If you look at parkndl's pick it shows 2x4's under his sheet of plywood. I am only suggesting using 2x2's as bracing under your table using wood glue and screws. that way you would not have a problem with warping or without being strong enough to bolt legs to. I actually am using a 1x2 grid system with 2" thick pink foam as a table. The idea came from model railroading. Makes it easy to add sceanery.


----------



## TX Street Racer (May 8, 2004)

rodstrguy said:


> If you look at parkndl's pick it shows 2x4's under his sheet of plywood. I am only suggesting using 2x2's as bracing under your table using wood glue and screws. that way you would not have a problem with warping or without being strong enough to bolt legs to. I actually am using a 1x2 grid system with 2" thick pink foam as a table. The idea came from model railroading. Makes it easy to add sceanery.

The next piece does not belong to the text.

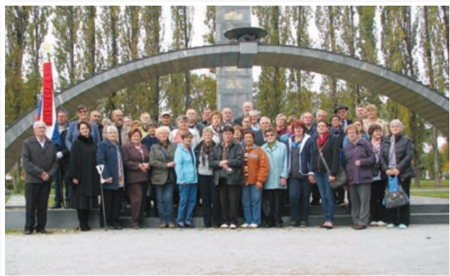
Udeleženci komemoracije pred graškim spomenikom s predsednikom Državnega zbora RS in slovensko veleposlanico v Avstriji.

V nagovoru pred spomenikom žrtvam je dr. Brglez med drugim dejal: »Zbrali smo se, da se poklonimo vsem tistim, ki so za našo, slovensko domovino žrtvovali svoja življenja. 72 let po koncu najhujše morije v sodobni zgodovini Evrope si mnogi izmed nas le stežka predstavljamo, v kakšnih razmerah so v vojnih letih med 1941 in 1945 živeli naši ljudje. Bil je to čas, ko je bil človek človeku volk. Ko je preživel enega pomenilo smrt in izničenje drugega. In ne nazadnje, žal je bil to čas, ki je razgalil najtemnejše strasti, ki se skrivajo v slehernem posamezniku – čas noči in trpljenja, brezumja in krivic, čas zaslužnjevanja in zatiranja. A obenem so se takrat ponovno izkazale tiste vrednote, ki nas delajo ljudi. Vrednote solidarnosti, pomoči sočloveku, vrednote sočutja in predvsem prijatelj-

I see where you're coming from..... for my application I wanted to build the table framework first.....then screw down the top......that way if for some odd reason I get bored with my current 4 X 8 layout I could just unscrew the top from the framework and take it out of the room. This track will be in my hobby room......and not in a garage....so I'm not really thinking my Texas Humidity will cause alot of warpage......I just know that the possibility does exist......and I always like to overbuild something....rather than underbuild :thumbsup:


----------



## AfxToo (Aug 29, 2003)

If you're concerned about adaptability and portability consider building a modular table system. This would involve building multiple smaller tables, maybe 2x2 ft, 2x4 ft, 3x4 ft, or 4x4 ft and clamping the tables together with carriage bolts to form whatever configuration strikes your fancy. Since each table would be rather small the framing and legs could be quite small and still collectively provide enough support for a large layout. The legs could be fashioned out of 1/2 inch threaded steel pipe that screws into threaded end caps mounted on the bottom of the table. Turned wood legs or 2x2" legs with a threaded bolt that screws into t-nuts mounted on the bottom of the table frame would also work. You'd basically end up with a lego table system that could be reconfigured relatively easy. Keep everything lightweight and an entire setup could be broken down and transported easily in a pickup truck or minivan.


----------